Exercise material section start
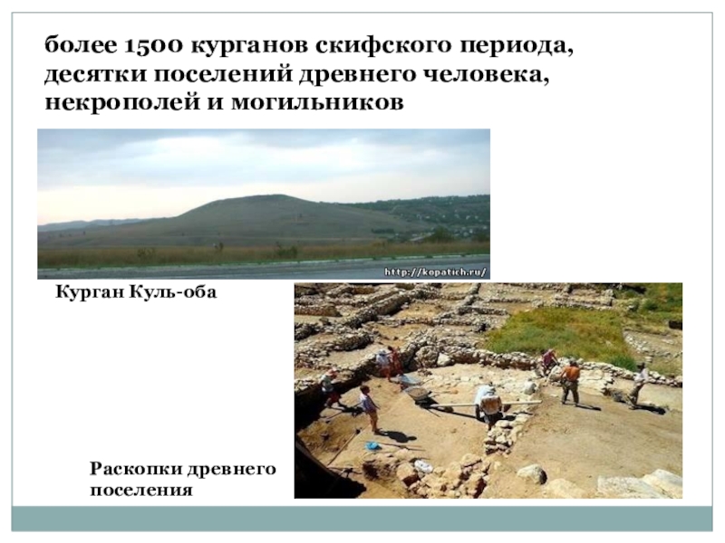 Слайд 26более 1500 курганов скифского периода, десятки поселений древнего человека, некрополей и
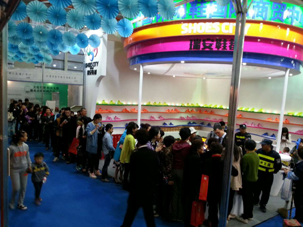 瑞安鞋都在现场免费发放休闲鞋,他们的展位也布置成别距特色的彩虹形状。
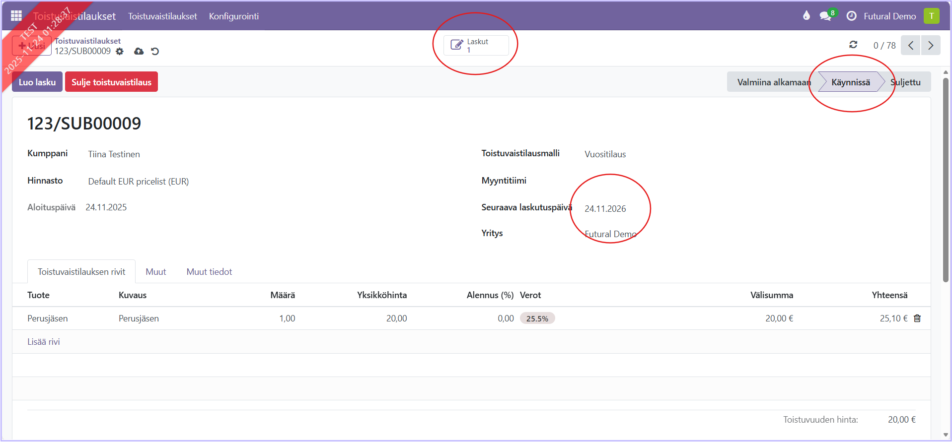 Kun tiedot ovat oikein, voit käynnistää tilauksen painamalla oikeassa yläkulmassa tilauksen tyypiksi Käynnissä. Jos haluat, että järjestelmä luo asiakkaalle ensimmäinen laskun haluamanasi päivänä, valitse seuraava laskutuspäivä tilauksen kortilla (kts alla olevasta kuvasta).
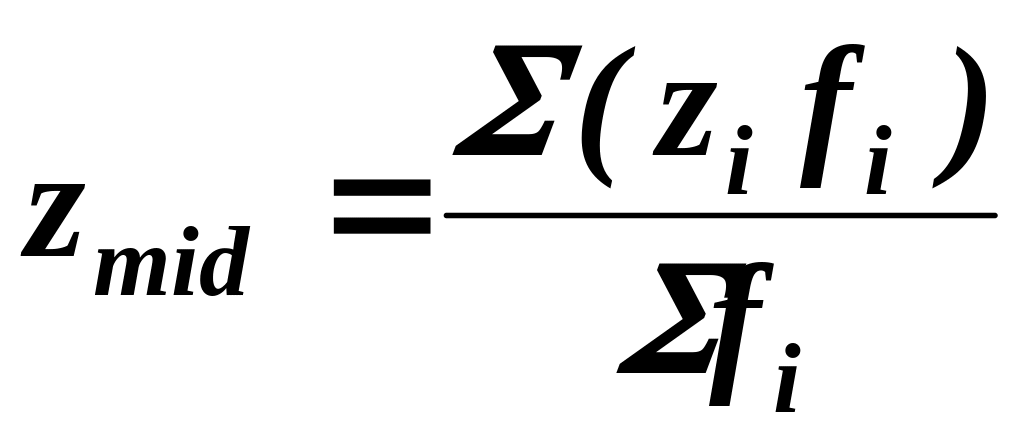 zmid – середній коефіцієнт, який характеризує поверхню стоку і визначається як середньозважене (п.А.7 [3]) а часткою fi площ з певним характером поверхні, якому відповідає коефіцієнт zi:
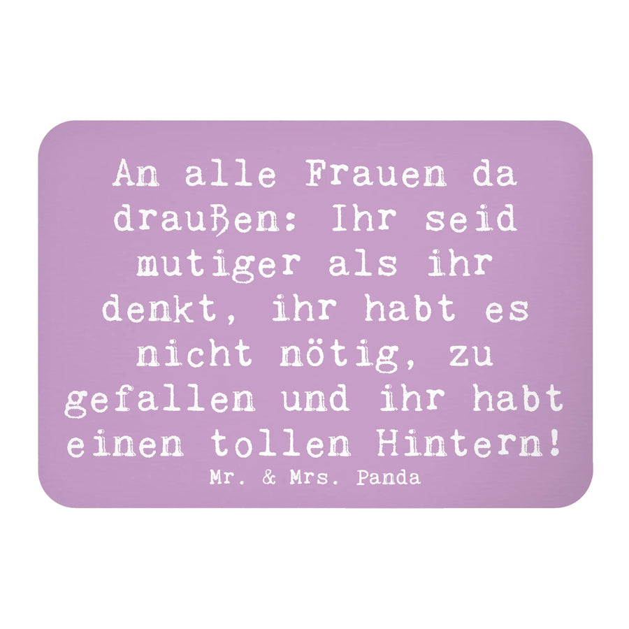 Dieser zauberhafte Magnet in zartem Lavendeltraum ist mehr als nur ein nützlicher Helfer – er ist ein kleiner Mutmacher für jeden Tag. Auf dem Magneten prangt der freche und stärkende Spruch: „An alle Frauen da draußen: Ihr seid mutiger als ihr denkt, ihr habt es nicht nötig, zu gefallen und ihr habt einen tollen Hintern!“ Ein vielseitiges Statement voller Herz, das Küche, Büro oder Flur sofort aufhellt.
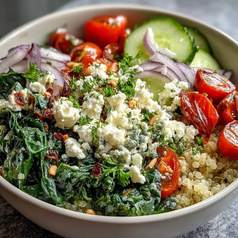 Merken Eines Mittags öffnete ich den Kühlschrank und fand nur Spinat, Feta und ein wenig Getreide vor. Statt zu verzweifeln, schnitt ich einfach alles, was noch da war, und schichtete es übereinander. Das Ergebnis war so köstlich und belebend, dass ich es seither ständig mache, wenn ich etwas Schnelles und Sättigendes brauche. Diese Schüssel wurde zu meinem treuer Begleiter an stressigen Arbeitstagen.
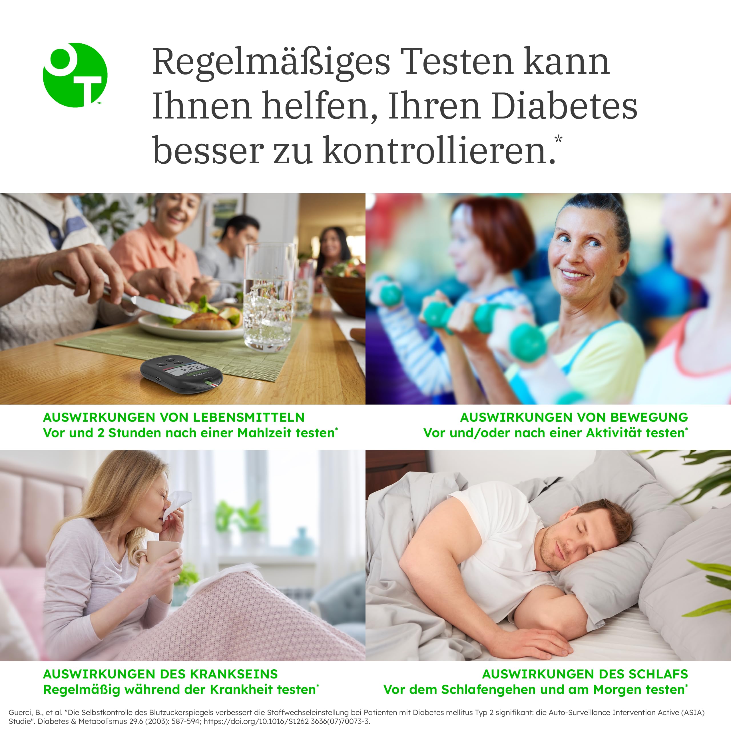 - VAI ZINĀJI? Regulāras pārbaudes var palīdzēt labāk kontrolēt cukura līmeni asinīs. Pārbaudes pirms un/vai pēc dažādām situācijām, piemēram, ēšanas, vingrošanas vai braukšanas, var palīdzēt labāk pārvaldīt diabētu.
Exercise material section end
• **Exercise goal**: Only the lines from the one with "Kun tiedot ovat" to the end of the listing, both ends included, should be retyped exactly; no pictures belong in the copy.

• **Solved problem**:
 Kun tiedot ovat oikein, voit käynnistää tilauksen painamalla oikeassa yläkulmassa tilauksen tyypiksi Käynnissä. Jos haluat, että järjestelmä luo asiakkaalle ensimmäinen laskun haluamanasi päivänä, valitse seuraava laskutuspäivä tilauksen kortilla (kts alla olevasta kuvasta).
 zmid – середній коефіцієнт, який характеризує поверхню стоку і визначається як середньозважене (п.А.7 [3]) а часткою fi площ з певним характером поверхні, якому відповідає коефіцієнт zi:
 Dieser zauberhafte Magnet in zartem Lavendeltraum ist mehr als nur ein nützlicher Helfer – er ist ein kleiner Mutmacher für jeden Tag. Auf dem Magneten prangt der freche und stärkende Spruch: „An alle Frauen da draußen: Ihr seid mutiger als ihr denkt, ihr habt es nicht nötig, zu gefallen und ihr habt einen tollen Hintern!“ Ein vielseitiges Statement voller Herz, das Küche, Büro oder Flur sofort aufhellt.
 Merken Eines Mittags öffnete ich den Kühlschrank und fand nur Spinat, Feta und ein wenig Getreide vor. Statt zu verzweifeln, schnitt ich einfach alles, was noch da war, und schichtete es übereinander. Das Ergebnis war so köstlich und belebend, dass ich es seither ständig mache, wenn ich etwas Schnelles und Sättigendes brauche. Diese Schüssel wurde zu meinem treuer Begleiter an stressigen Arbeitstagen.
 - VAI ZINĀJI? Regulāras pārbaudes var palīdzēt labāk kontrolēt cukura līmeni asinīs. Pārbaudes pirms un/vai pēc dažādām situācijām, piemēram, ēšanas, vingrošanas vai braukšanas, var palīdzēt labāk pārvaldīt diabētu.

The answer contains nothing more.